Oh I see - yeah, that's the part of the lawsuit that's about Bing and ChatGPT Browse mode retrieval augmented generation.

It's a separate issue from the fact that the model can regurgitate it's NYT training data.

There's a section on page 63 which helps clarify that:

    Defendants materially contributed to and directly assisted
    with the direct infringement perpetrated by end-users of the
    GPT-based products by way of: (i) jointly-developing LLM
    models capable of distributing unlicensed copies of Times
    Works to end-users; (ii) building and training the GPT LLMs
    using Times Works; and (iii) deciding what content is
    actually outputted by the GenAI products, such as grounding
    output in Times Works through retrieval augmented generation,
    fine-tuning the models for desired outcomes, and/or
    selecting and weighting the parameters of the GPT LLMs.

So they are complaining about models that are capable of distributing unlicensed copies (the regurgitated training data issue), the fact that the models were trained on NYT work at all, and the fact that the RAG implementation in Bing and ChatGPT Browse further creates "natural-language substitutes that serve the same informative purpose as the original".

solomatov · on Jan 7, 2024

Yep, you seem to be right.

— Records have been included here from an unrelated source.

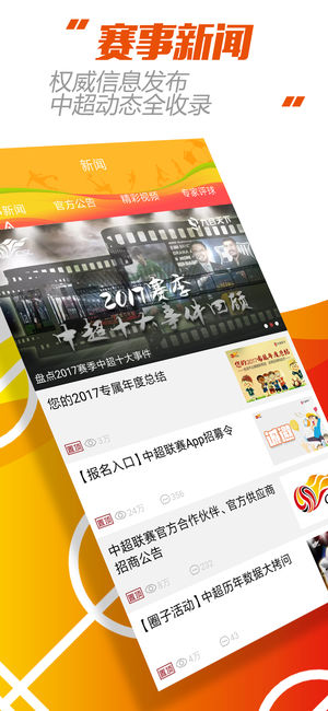 “中超联赛App”是中超联赛官方移动互联网应用,为球迷提供足球资讯、赛事、球队、数据、娱乐的移动互动平台,为球迷提供最权威信息服务,全方位实时覆盖中超的一切动态,中超联赛,一手掌握! 中超联赛App,现场赛况实时推送,比电视直播快的不止一点点,带给你最真实的中超赛场体验! 1、精准的中超赛程导引及对战信息; 2、专业的赛事数据分析、深度评论报道; 3、所有球员及球队资料、数据介绍; 4、全网速度领先的实时比分、技术统计、赛季排名; 5、2018赛季中超2400张球票任性送!更有签名球衣/足球、周边好礼送不停,您还等什么! 中超联赛官方网站:www.csl-china.com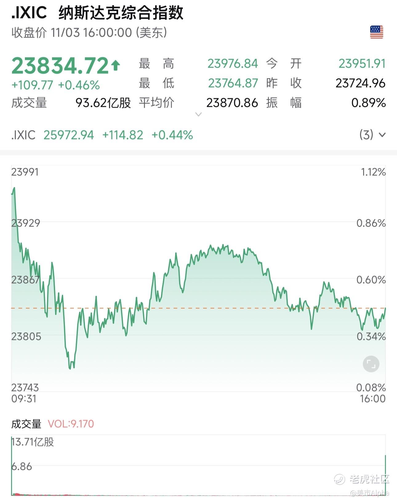 $纳斯达克(.IXIC)$ 上涨109.77点,涨幅0.5%,收于23,834.72点。该指数表现最为强劲,主要由AI相关股票推动。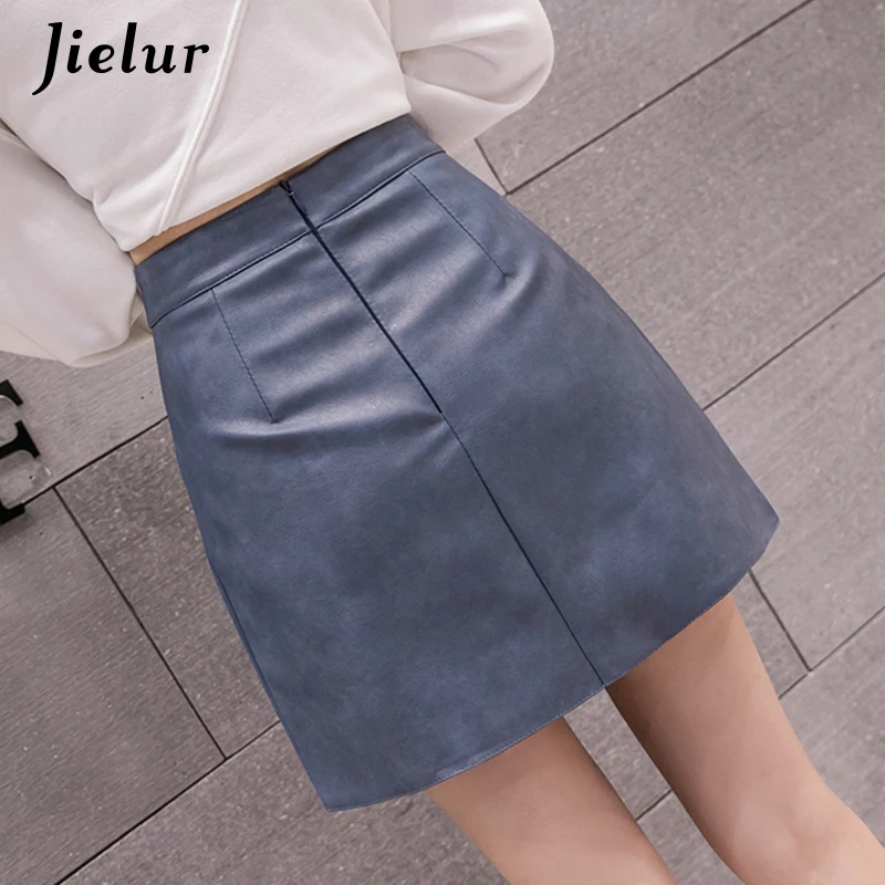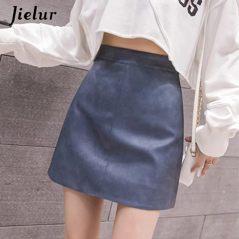 Юбка-мини из искусственной кожи, с завышенной талией, 4 цвета, на осеньзиму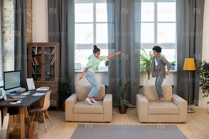 Двое милых братьев и сестер смешанной расы в повседневной одежде прыгают и танцуют на мягких креслах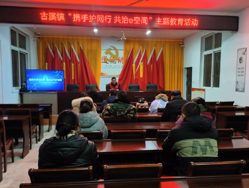 網絡信息人人共享,網絡安全人人有責。為進一步倡導居民參與網絡共治,提升網絡素養,提高公眾對網絡舉報的認知度和參與度。古溪鎮圍繞“攜手護網行·共治e空間”主題,開展系列網絡舉報宣傳活動,增強群眾網絡安全防護意識,筑牢網絡安全防線,營造文明上網氛圍。 一是開展“猛藥去疴治亂象 清風正氣護清朗”主題教育活動。活動現場,通過PPT演示、現場播放網絡舉報主題宣傳視頻的形式,向居民群眾普及展示了網絡舉報的相關知識和流程,為大家提供更加全面、專業的網絡安全服務信息。發出依法上網、文明上網、安全上網、理想上網的倡議,得到群眾的一致響應。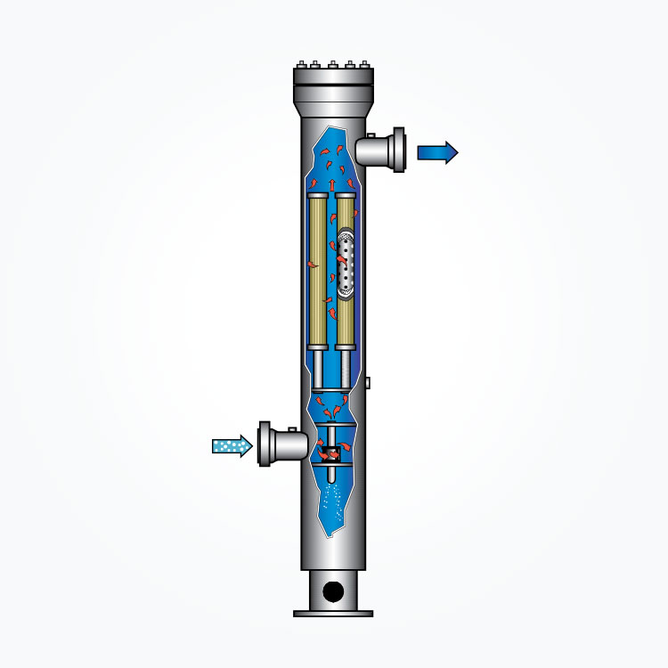 Izmantojot pilnu diametra iesaiņotāju, Coalescer elementu var aizstāt īsākajā laikā un piepūlē. Hidrociklons vai asmens Demister ir pilnīgi bez apkopes, pašattīrošs un nesatur rezerves vai kustīgas detaļas, kā rezultātā tiek pārtraukta.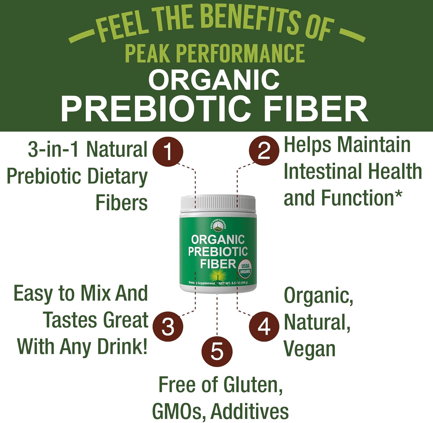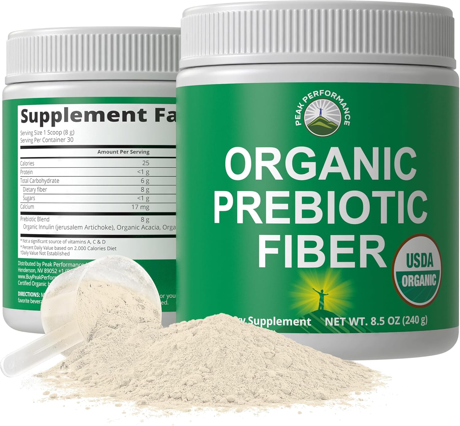 Not all prebiotic powders are created equal! Many fiber supplements contain non-organic, insoluble “bulking” fibers. Peak Performance Organic Prebiotic Fiber is an all plant-based vegan soluble powder supplement that blends with water in the gut. Helps prevent leaky gut and speeds the passage of food and waste through your gut. Great for men and women.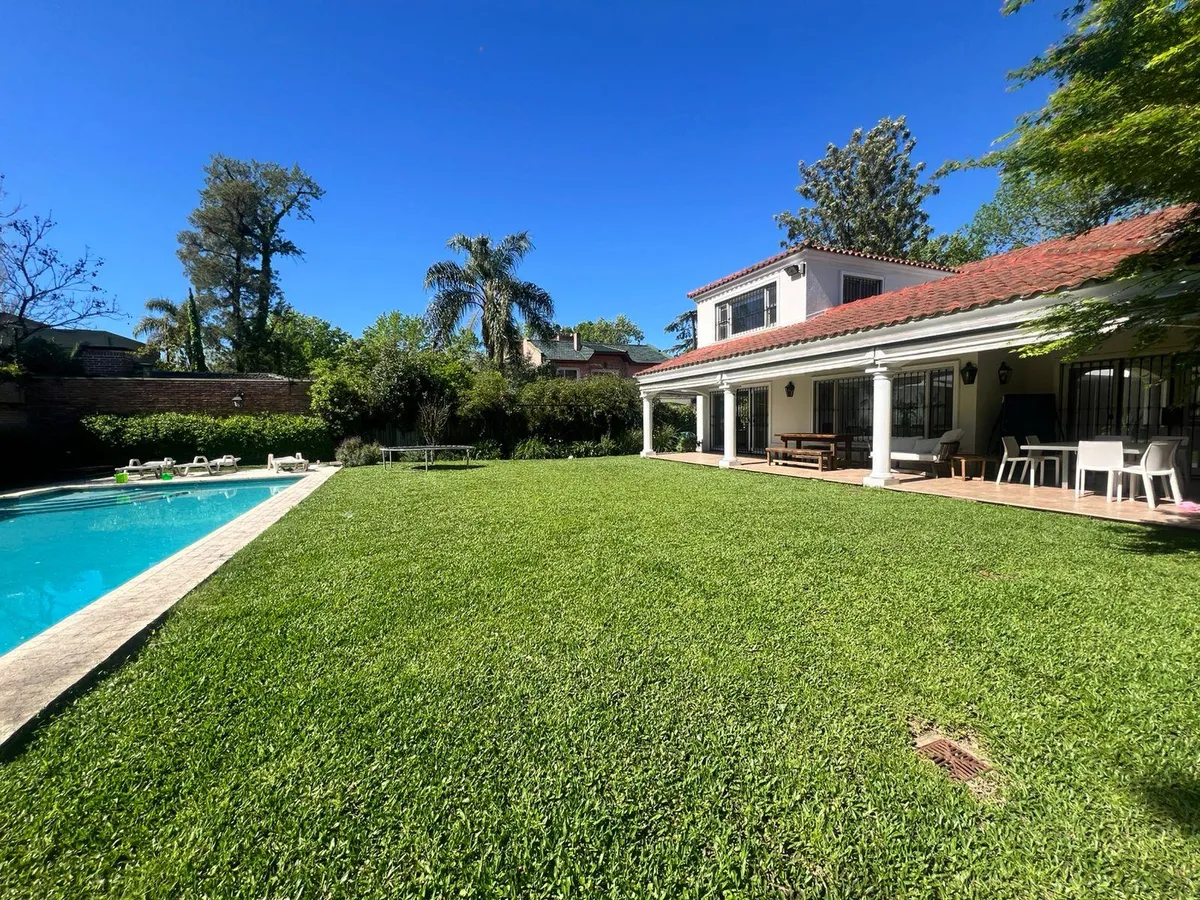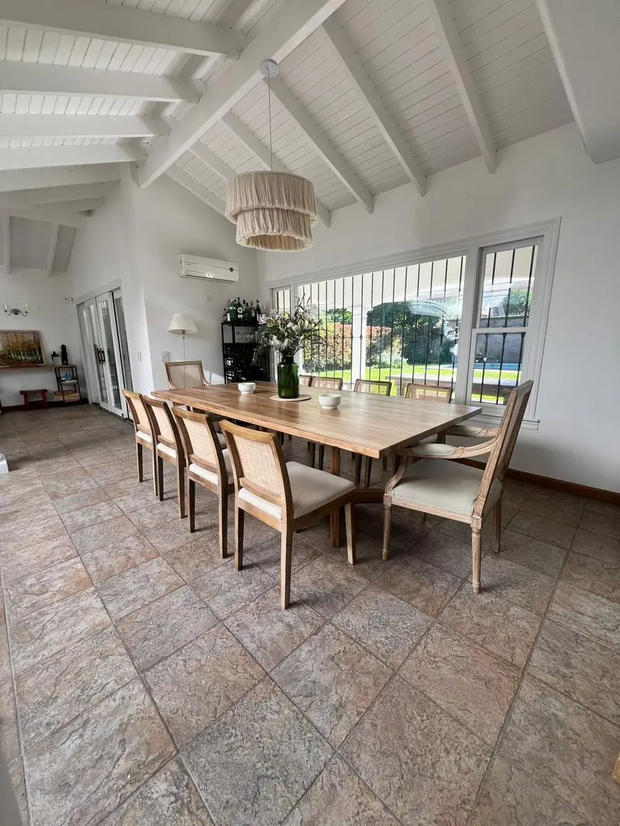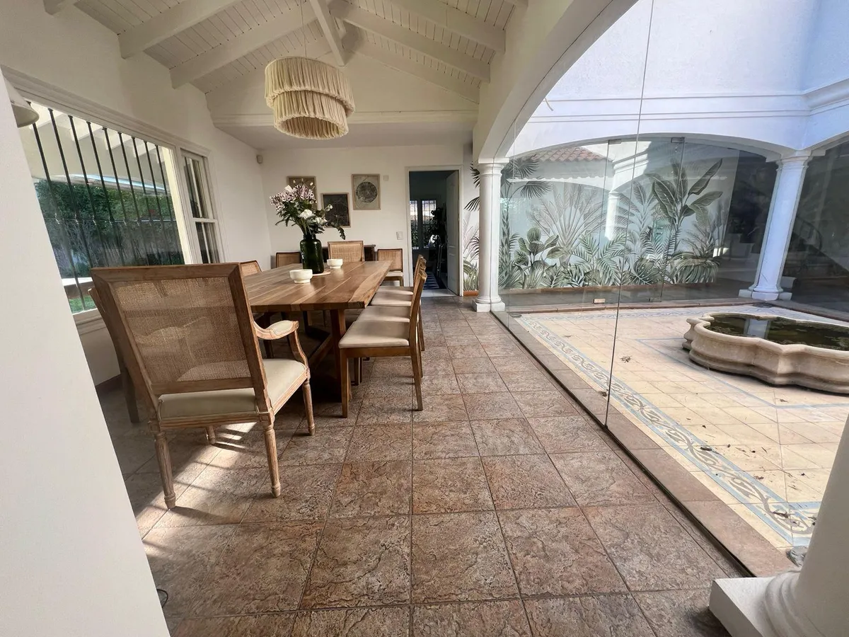 Casa de 4 dormitorios en San Isidro, disponible para alquiler temporario del 20 de diciembre al 10 de enero. El precio es USD 6.000 por el período completo. La planta baja cuenta con recepción con hall y patio interior con fuente, living, comedor principal separado para 10 personas, toilette de recepción y baño completo adicional; también incluye habitación/estar de TV, dependencia de servicio completa y lavadero independiente. La cocina está equipada con horno industrial y lavavajillas, y tiene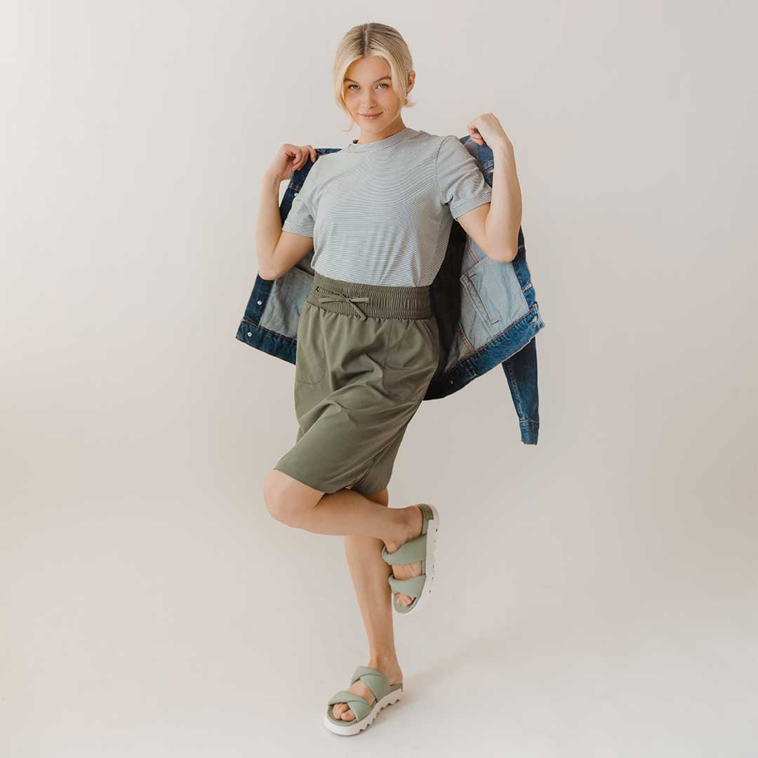 Super cute, easy fabric (no wrinkle, quick dry), love the thick waist band. Great length. Love!

Google stores the quotes from pages, and it's fair use. Again, I am not a lawyer, and didn't think about this.

simonw · on Jan 7, 2024

This is argued extensively in the lawsuit document.

A key argument the NYT is making is that part of the definition of fair use is not producing a product that competes with the original.

They argue that ChatGPT et al DO compete with the original, in a way that harms the NYT business model.

One example they give: ChatGPT can reproduce recommendations made by the Wirecutter, without including the affiliate links that form the Wirecutter's main source of revenue - page 48 of https://nytco-assets.nytimes.com/2023/12/NYT_Complaint_Dec20...

shkkmo · on Jan 7, 2024

There are plenty of other services that strip affiliate links from content for users, such as ad blockers.

Notably, in both those cases, the user is specifically asking for what wirecutter thinks.

To me, that makes the infringing behavior clearly the fault of the user of the tool, not the tool itself.

When I saw this lawsuit announced, I assumed that large portions content were being reproduced in response to generic queries. That isn't the case, every example I've seen from this lawsuit has prompts where the user specifically asks for the content. To me, any fault and liability rests on the user here.